Electronic Structure, Dynamics and Transport in Strongly Interacting Systems. award

Professor David Reichman of Columbia University is supported by an award from the Chemical Theory, Models and Computational Methods program in the Division of Chemistry to develop new theoretical and computational methods to study the structure and properties of new materials. In this project, he will extend his research on the theory of atoms, molecules and solid-state systems to make it possible to study the properties of significantly larger molecules using sophisticated computer models. His group will also develop new theories to explain the interactions between molecules in the solid state and those in the newest semiconducting materials. This work may be useful in the design of state-of-the-art devices such as more efficient solar batteries and more powerful superconductors. In addition, Dr. Reichman will further the education of students in New York city via a hands-on program designed to teach students how to build such novel devices in New York City schools.

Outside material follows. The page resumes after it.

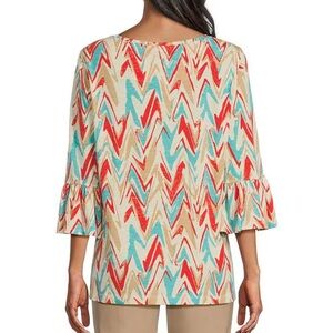 Multiples Slub Knit Abstract Print Scoop Neck 3/4 Ruffle Sleeve Top Size 2X

Professor Reichman will investigate a variety of approaches for the computationally efficient selection of trial wave functions in the auxiliary field quantum Monte Carlo (AF-QMC) method for efficient transcorrelation within AF-QMC. He and his team will also investigate computational approaches to calculate dynamical response functions within AF-QMC. In the area of electron-phonon problems, he and his group develop novel cumulant-based theory for the calculation of transport properties, as well as an ab initio theory of phonon-inducted exciton binding energy renormalization. The scientific component of the work will broadly impact the design of catalysts and materials, while the outreach component will impact education of students within the New York City public school system.

This award reflects NSF's statutory mission and has been deemed worthy of support through evaluation using the Foundation's intellectual merit and broader impacts review criteria.